• EXERCISE: Your task is to copy the data exactly while leaving out every picture.

[Stored items]
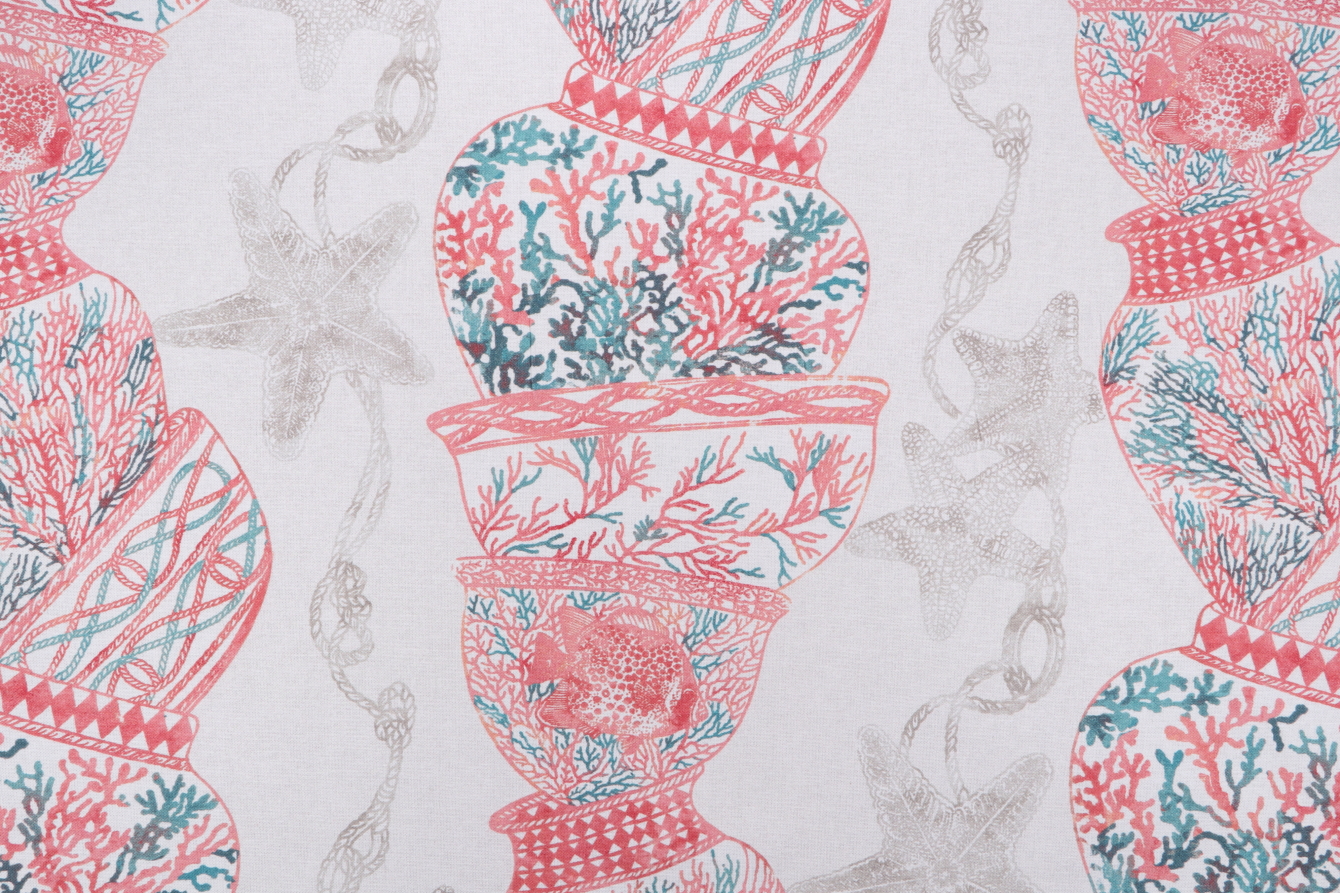 P Kaufmann Cote D'Azur Printed Cotton Drapery Fabric in Coral is a remnant, which is sold as a whole piece.
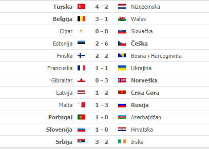 Belgija je, unatoč tome što je gubila 1:0, očekivano opravdala ulogu favorita protiv Belgije i na kraju slavila 3:1 pogocima De Bruynea, Hazarda i Lukakua. Portugal je teže od očekivanog slavio protiv Azerbajdžana 1:0, s time da su si gosti sami zabili pogodak, dok je Norveška s glatkih 3:0 preskočila gostovanje na Gibraltaru.
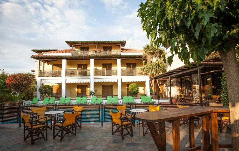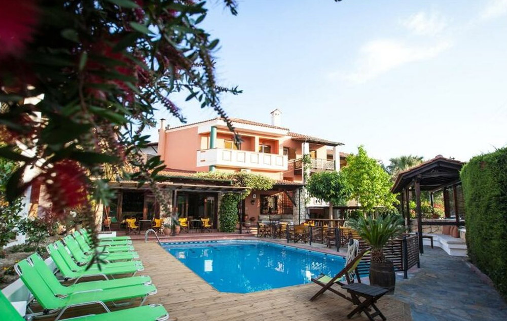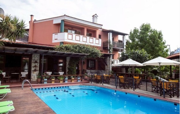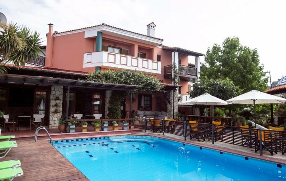 LOKACIJA :Hotel se nalazi u mirnom delu Pefkohorija. Intiman je, malog kapaciteta i ograničenim brojem slobodnih mesta. Okružen je vrtom punim cveća, mediteranskog rastinja u kojem se nalazi bazen.
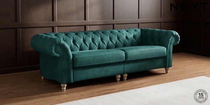 7.2.10 Gosford II Deep Sit 4 Seater Sofa Plush Chenille Dark Teal Green Low Turned - Light | Made Click here to use our website with more accessibility support, for example screen readers
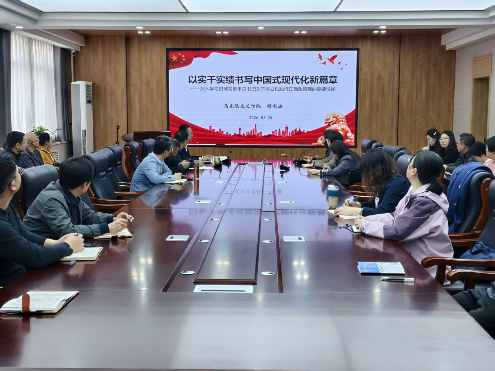 修彩波的专题报告从“政绩为谁而树、树什么样的政绩、靠什么树政绩”这一根本问题切入,重点阐述了树立和践行正确政绩观的重大意义和丰富内涵,围绕“为民、为党、为国”的价值导向,深入浅出地向大家解释了如何处理好党性与个性、显绩与潜绩、权力与责任、干净与干事等关键关系,引导学院党员干部在实干中践行正确政绩观,以始终坚守人民立场为取向、以始终坚持实事求是的思想路线为遵循、以进一步纠治形式主义和官僚主义为保障、以坚持一张蓝图干到底为定力,为学校高质量发展贡献力量。
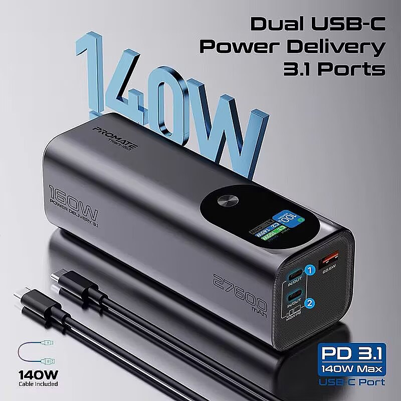 Promate Titan-160 Power Bank 160W / 27600mAh / USB-C PD / QC3.0
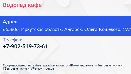 Водопад, кафе по адресу 665806, Иркутская область, Ангарск, Олега Кошевого, 19/9 в дальнейшем Организация, размещена в следующих категориях:

• FINISHED TASK:
 P Kaufmann Cote D'Azur Printed Cotton Drapery Fabric in Coral is a remnant, which is sold as a whole piece.
 Belgija je, unatoč tome što je gubila 1:0, očekivano opravdala ulogu favorita protiv Belgije i na kraju slavila 3:1 pogocima De Bruynea, Hazarda i Lukakua. Portugal je teže od očekivanog slavio protiv Azerbajdžana 1:0, s time da su si gosti sami zabili pogodak, dok je Norveška s glatkih 3:0 preskočila gostovanje na Gibraltaru.
 LOKACIJA :Hotel se nalazi u mirnom delu Pefkohorija. Intiman je, malog kapaciteta i ograničenim brojem slobodnih mesta. Okružen je vrtom punim cveća, mediteranskog rastinja u kojem se nalazi bazen.
 7.2.10 Gosford II Deep Sit 4 Seater Sofa Plush Chenille Dark Teal Green Low Turned - Light | Made Click here to use our website with more accessibility support, for example screen readers
 修彩波的专题报告从“政绩为谁而树、树什么样的政绩、靠什么树政绩”这一根本问题切入,重点阐述了树立和践行正确政绩观的重大意义和丰富内涵,围绕“为民、为党、为国”的价值导向,深入浅出地向大家解释了如何处理好党性与个性、显绩与潜绩、权力与责任、干净与干事等关键关系,引导学院党员干部在实干中践行正确政绩观,以始终坚守人民立场为取向、以始终坚持实事求是的思想路线为遵循、以进一步纠治形式主义和官僚主义为保障、以坚持一张蓝图干到底为定力,为学校高质量发展贡献力量。
 Promate Titan-160 Power Bank 160W / 27600mAh / USB-C PD / QC3.0
 Водопад, кафе по адресу 665806, Иркутская область, Ангарск, Олега Кошевого, 19/9 в дальнейшем Организация, размещена в следующих категориях:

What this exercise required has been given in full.